Responsible Machine Learning in Production

This article is based on a talk I gave with Hannes Hapke at PyData Global, November 2020.

Deploying your machine learning model to a production system is a critical time: your model begins to make decisions that affect real people. This is the perfect moment to think about the many aspects that make up responsible machine learning: checking for harmful bias in predictions, being able to explain the model’s predictions, preserving the privacy of users, and tracking the model’s lineage for auditing. While you should consider all these aspects during the experimental phase of a machine learning project, deploying a model to production can be the most important time for them. It’s at this point that your model’s predictions reach real people — not just arrays named X_test and y_test — and harmful impacts may become apparent.

The tools for dealing with these issues of fairness, explainability, privacy and auditability are at different levels of maturity. In this blog post, we’ll give an overview of the available tools in the TensorFlow ecosystem to help with these issues, and show how they can be integrated into a production pipeline.

For a more comprehensive overview of all the steps in a machine learning pipeline, please see “Building Machine Learning Pipelines” (O’Reilly Media, 2020). Here we’ll keep it simple and say that a pipeline contains the following steps, as shown in the image at the top:

Ingest some data into the pipeline
Validate that the data is what we expect
Train a model
Analyze the model’s performance
Validate the model
Deploy the model to production

A machine learning pipeline should be standardized, scalable and reproducible. We feel that (at the time of writing) TensorFlow Extended (TFX) offers the best and most comprehensive open source method for building great pipelines. Most articles on TFX focus on setting up your pipeline, or deployment efficiency, or pipeline orchestrators, but here we want to concentrate on how TFX pipelines can enable responsible ML.

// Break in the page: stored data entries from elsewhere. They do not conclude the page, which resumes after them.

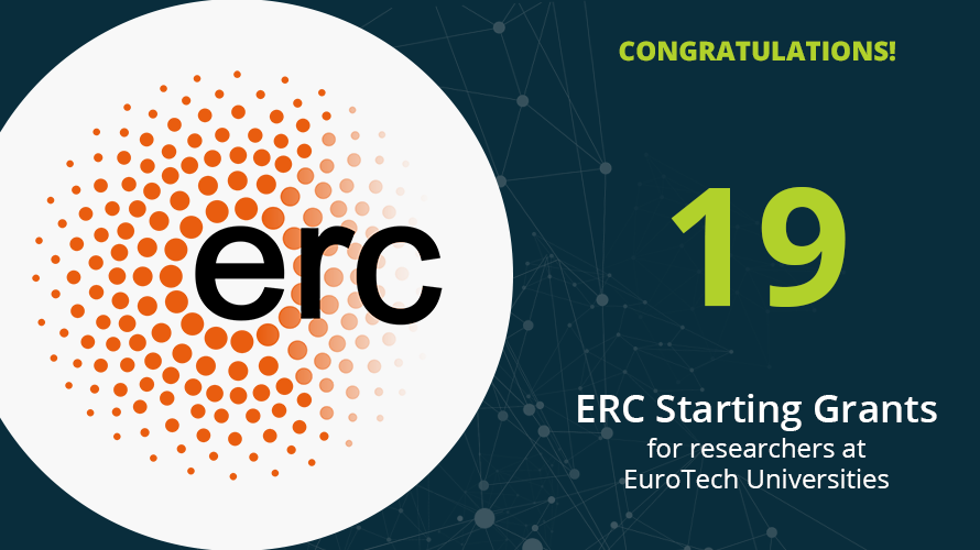 6 September 2023 | Congratulations to 19 young researchers affiliated with EuroTech Universities who were awarded an ERC Starting Grant yesterday! Out of those 19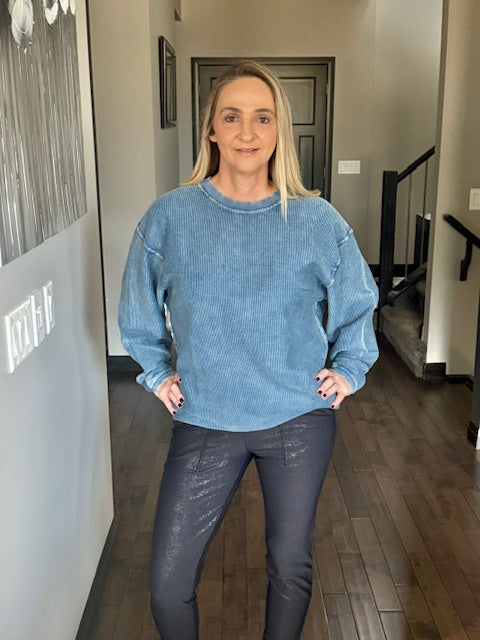 Fit:  Intentionally oversized;  Claire is usually a size small can wear an XS for a more true to size fit or a small for the intended oversized fit;  If you are able to size down and prefer a less oversized fit, sizing down is recommended;  Claire is wearing a small in these photos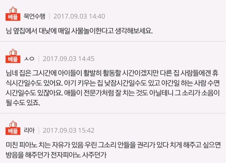 정싫으면 이사가던지 ~ 참 이웃들이 초등학생애가 피아노치는것가지고 배려할줄도모르는사람들이죠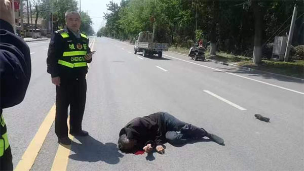 當(dāng)天,徐華臨和其他執(zhí)法人員與往常一樣開展日常巡查,當(dāng)巡查至漢興路北頭時(shí),發(fā)現(xiàn)有人聚集,走近一看發(fā)現(xiàn)竟有一名老人橫在馬路中間,一輛電動(dòng)三輪車側(cè)翻在一旁,老人鮮血直流痛苦呻吟。事發(fā)時(shí)間段,過(guò)往車輛行人比較少,圍觀的群眾也無(wú)人敢上前。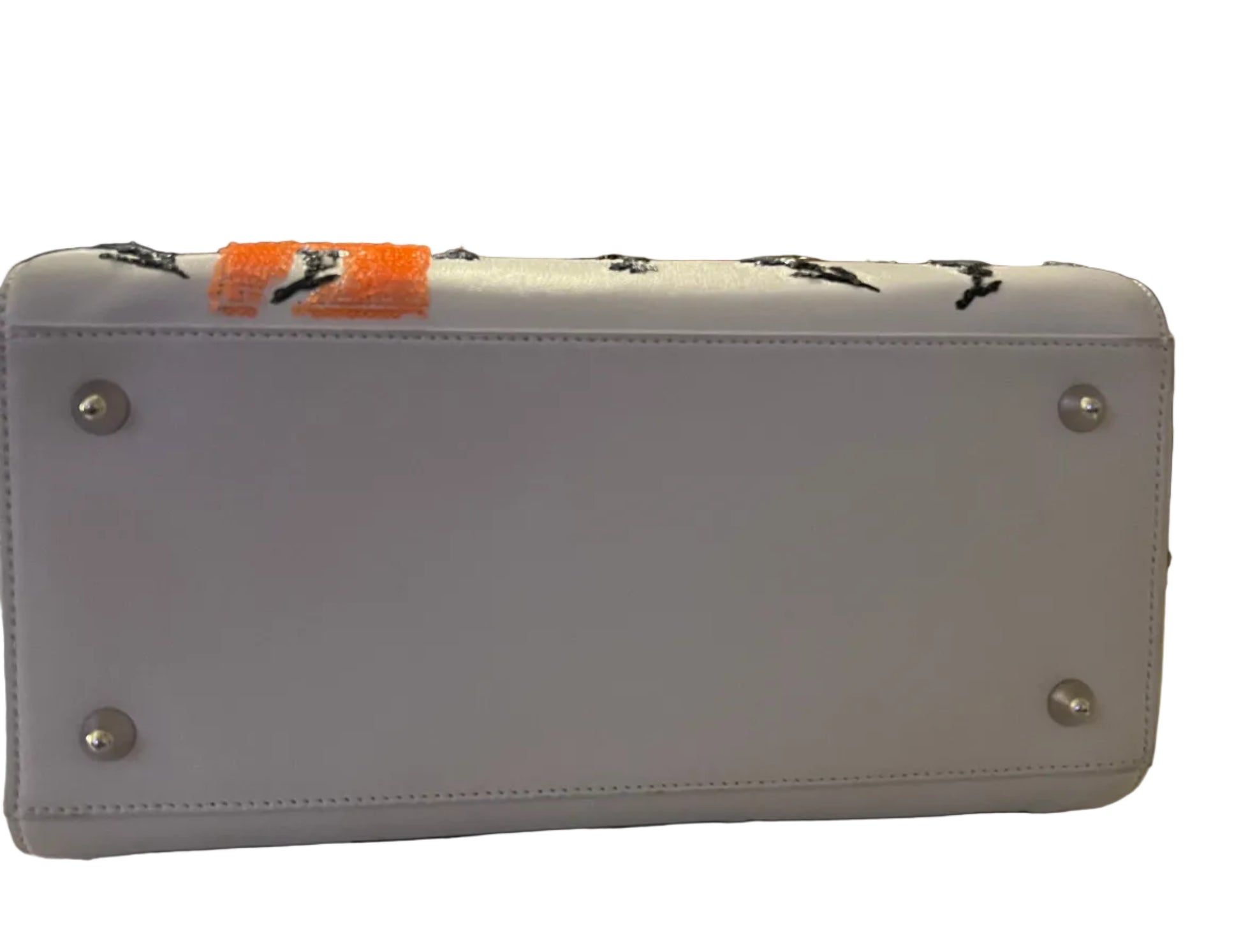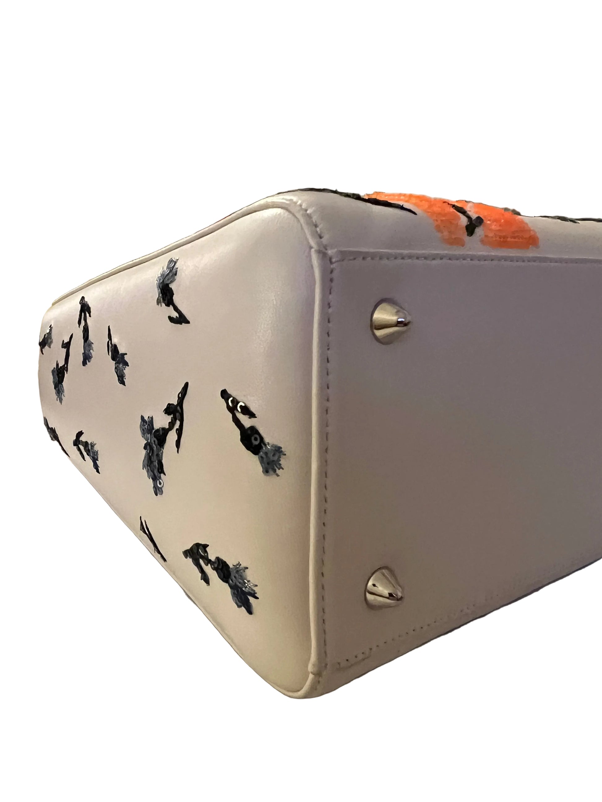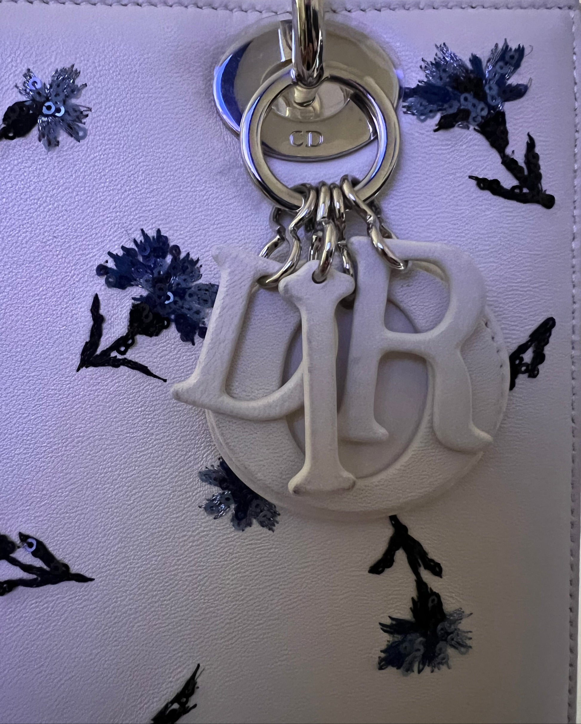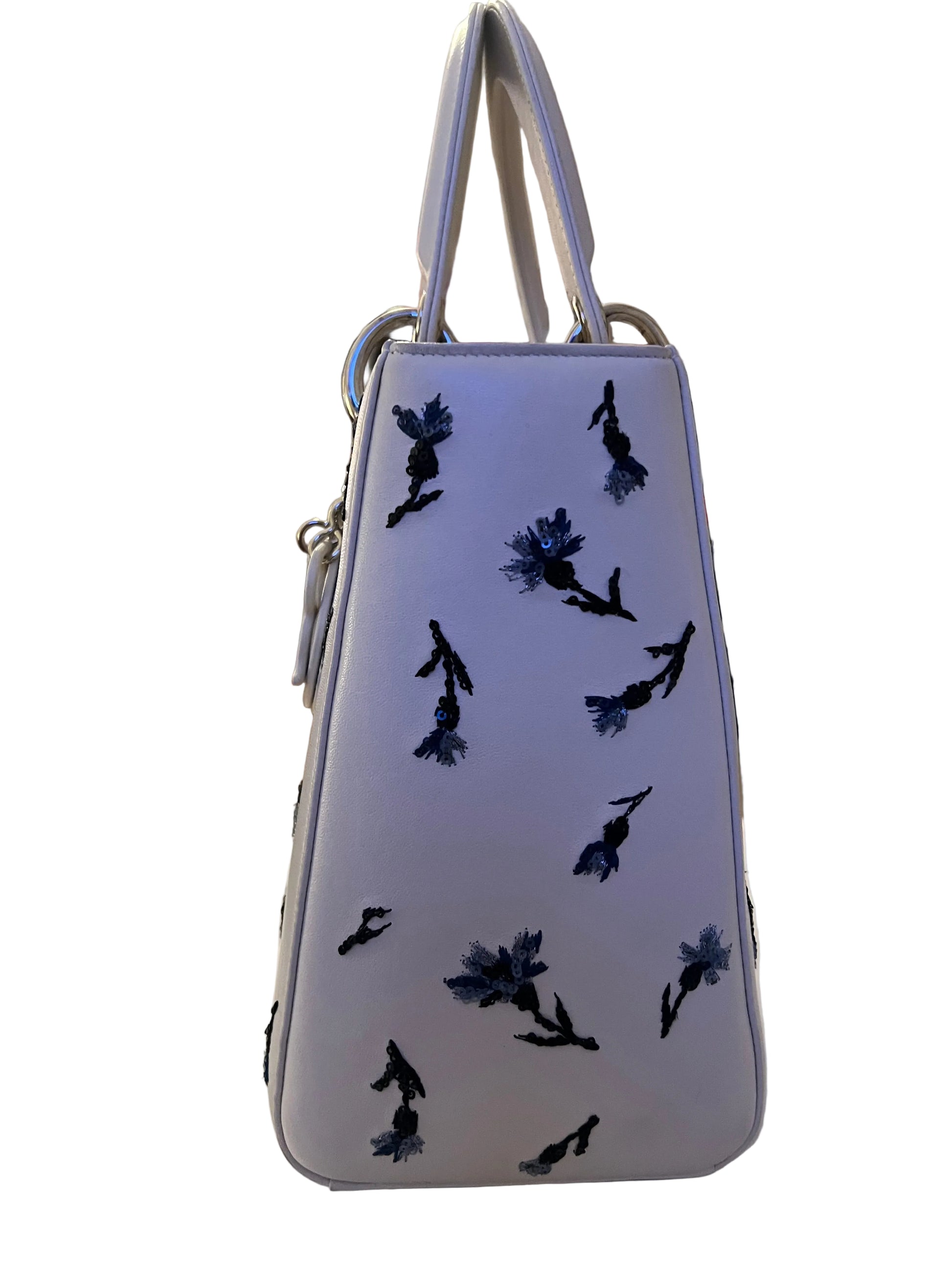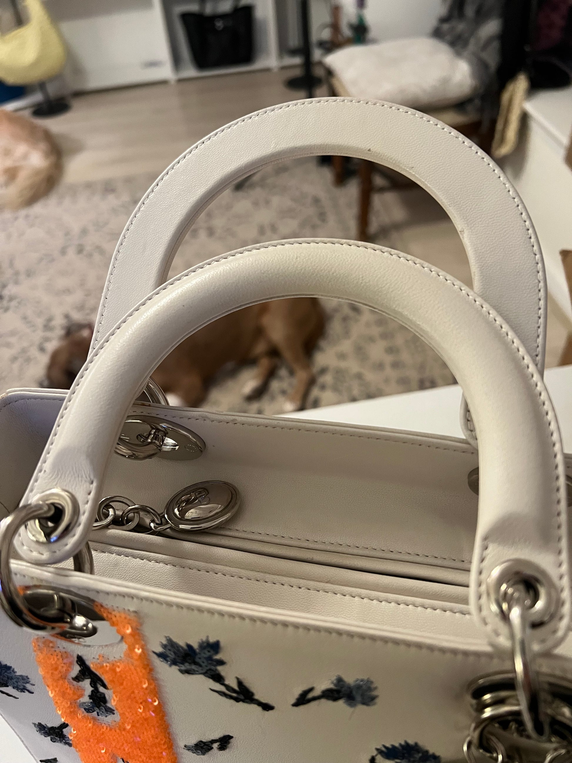 This bag is in very good condition. The leather has some minor normal wrinkling and scuffs. There is embroidery and sequins on both sides of the bag. The hardware has some hairline scratches.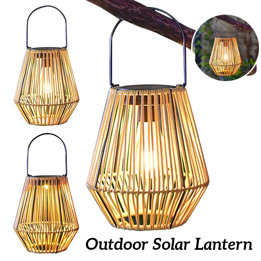 Rattan Solar Lantern IP65 Waterproof Outside Big Rattan Solar Light Rattan Weaving Solar Garden Lantern for Balcony Patio Garden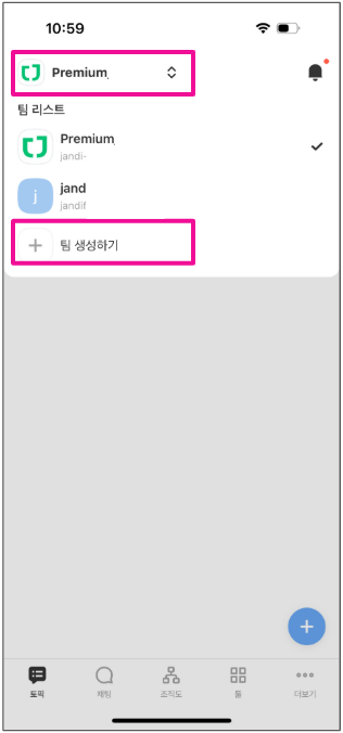 1. 화면 상단 [팀 이름]을 터치 후 표시되는 메뉴 패널에서 [+팀 생성하기] 버튼을 터치해주세요.

Screenshot from TFDV. Original image source: https://learning.oreilly.com/library/view/building-machine-learning/9781492053187/

The first point in our pipeline we will consider is data on its way into our model, at the data validation step. Here we can check whether our training data contains harmful biases, and we can stop the pipeline if such biases are found. There are a couple of questions we want to answer here:

Is my model reinforcing some harmful human bias? For example, in the case of Amazon’s hiring tool that was found to be biased against women, the model saw more information from male candidates than female candidates. This reinforced the gender disparity in hiring for tech roles.
Is my dataset representative of my target users? This is often more of a model performance question, but we want everyone to be getting a good experience from the model we are putting into production.

TensorFlow Data Validation (TFDV) can help us answer these questions. TFDV is a visualization tool that plugs directly into our TFX pipeline, and we can use it to visualize the statistics of our features and the distribution of our input data into the model. In the example above we explore the categorical feature that is the US state, and we can see that we have a lot more data from California than from anywhere else. Perhaps this is acceptable for our product, but it might bias our model towards the preferences of people from California.

TFDV also uses a schema to ensure that the data entering the model fits the parameters we define, which allows us to stop biased data entering the model. If we’re aware of something that can reinforce a harmful real-world bias, we can set parameters for this data in TFDV. Then, if our input data is outside these parameters, the pipeline will stop at this point and the model will not be trained. For example, we could specify in our schema that there should be the same number of training examples from all 50 US states.

Privacy is an extremely important topic for production machine learning systems. There are a number of different options for privacy-preserving machine learning — differential privacy, encrypted ML, and federated learning, to name a few — and we’ve discussed these in a previous post. But right now they don’t integrate easily into production ML systems, and unfortunately this includes our TFX pipeline. However, of the options explored so far, differential privacy is the most mature, and in some use cases it can fit into the model training step in our pipeline. If you haven’t come across differential privacy before, Udacity’s “Secure and Private AI” course gives a great introduction. There are many different implementations of differential privacy, but all of them involve some randomization that masks an individual person’s data.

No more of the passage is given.